My own eyes glazed with blind fear and I was a part of the terrible beast that cried and moaned and couldn’t afford to stop or pity the fallen. The door was only a few dozen heads in front of me now, and I joined the push, getting closer and closer until I popped out and fell on my knees into snow dirtied by a hundred desperate bodies pushing free.

More bodies fell on top of me. I knew I had to scramble to my feet and get just far enough to where we became people again, not frightened creatures. A few feet from the entrance, I turned to look for Summer, but my legs were weak and I collapsed to a kneel facing the door. Greedily, I pulled as much of the dark, cold night air into my lungs as possible and then my mind turned back on and I registered the disaster happening in front of me.

My lip quivered and tears ran down my cheeks as I witnessed the pileup of bodies, girls like me but with wild, pleading eyes, stacked on top of each other as they flailed and fought to get free. Stuck, coughing, crying, and clawing, their voices yelped like small animals between calls for help.

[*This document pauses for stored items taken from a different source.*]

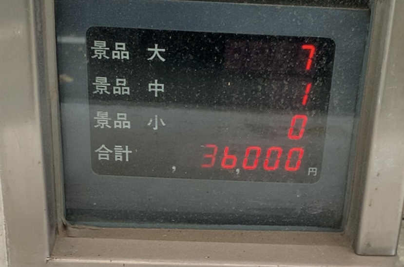 箱を積むタイプの4パチしか無いお店で、11,000玉以上取って¥36,000という非等価の割には、そこまで回転しません。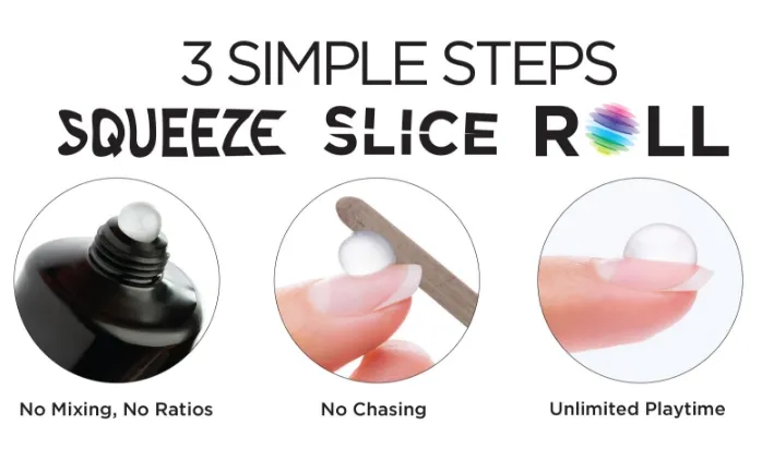 All-in-one formula for the perfect working consistency. No monomer, no mixing, no ratios, odorless!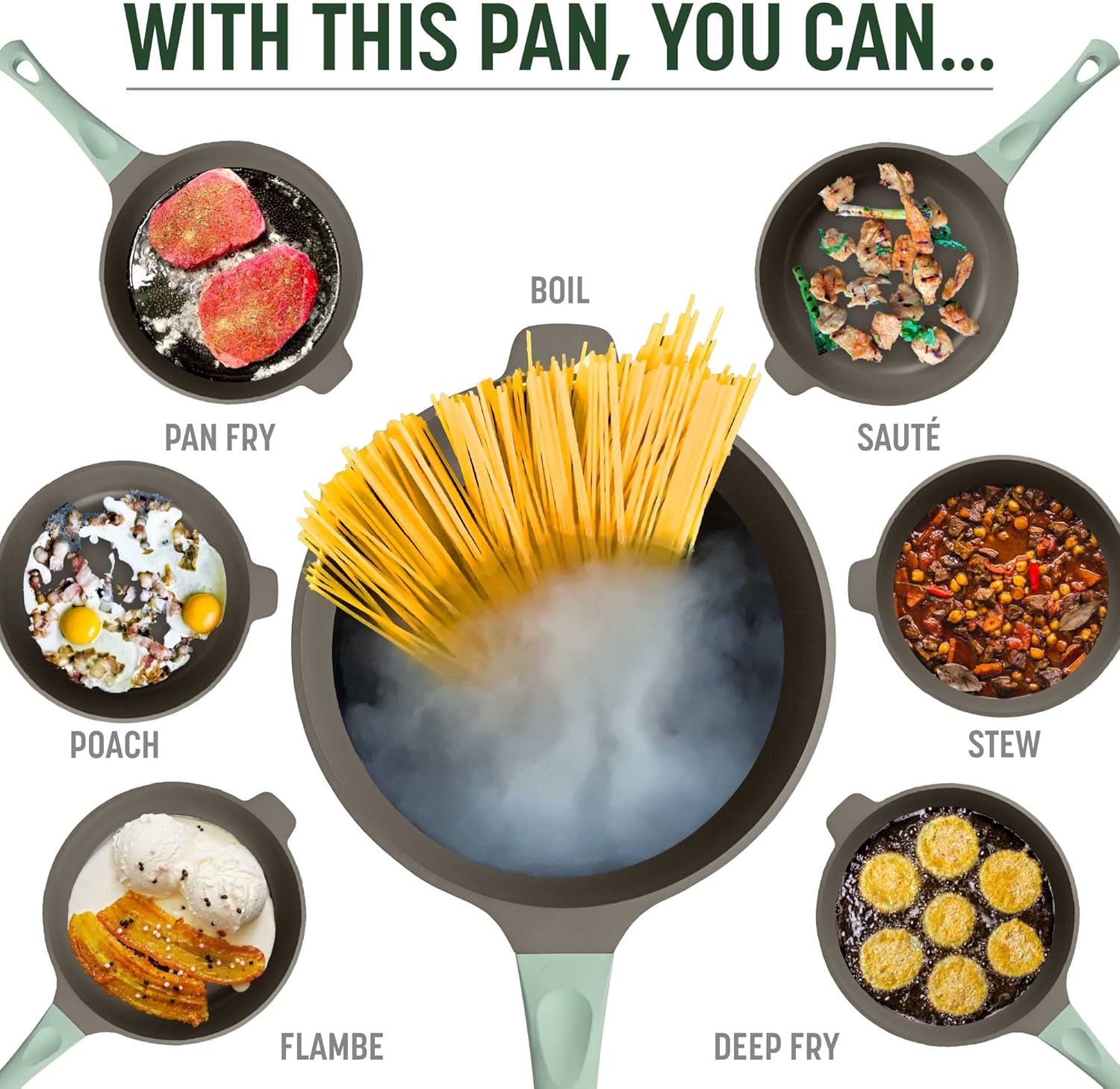 - MULTI STYLE COOKING OPTIONS: Pan fry, sauté, sear, boil, simmer, blanche, braise, poach, deep fry, stew and then serve in style. No matter what you’re cooking, this pan is always up for the task. Also compatible with electric, gas and glass stovetops.

Some of us ran to them, offering our hands and pulling with all our strength as our heels dug into the ice and snow, but for each victim we freed, another immediately appeared, wedging themselves between the others and fighting for the winter air.

I was still pulling on desperate arms and choking on the billowing black smoke that poured out from behind them when the firefighters arrived. They were firm but gentle, pushing us away so they could take over, and I walked in a daze to a snow bank where I sat and shivered, waiting for Summer.

A paramedic soon found me and treated me, telling me things about hypothermia and shock and smoke inhalation, but I kept my eyes on the door, now full of nothing but flames even as the torrents of water from fire hoses tried to put them out.

I wanted to tell Summer so many things. How I loved the way she wrinkled her nose up like a rabbit when she laughed. How I treasured all the nights we had texted back and forth until dawn, talking about school, friends, our futures. How I would never forget that time she sat for three hours, arms wrapped around me, while I cried under the bleachers when my father died. How I’d fallen in love with her slowly and all at once. But I’ll never get to tell her.

I didn’t go to the funeral. I couldn’t. And two months later, when a friend told me in a hushed voice that the autopsies were finally all done and the details available to be viewed, hoping to give me closure, I refused to read it. I didn’t want to know just what happened to the girl with the soft downy arms and apple cheeks.

Sometimes I’d say that I wished I’d been trapped back there with her, but it’s just a lie I like to tell myself. I was a part of that mindless beast, pressing blindly toward the air and life. I wanted to survive more than anything and I’ll always have to live with that.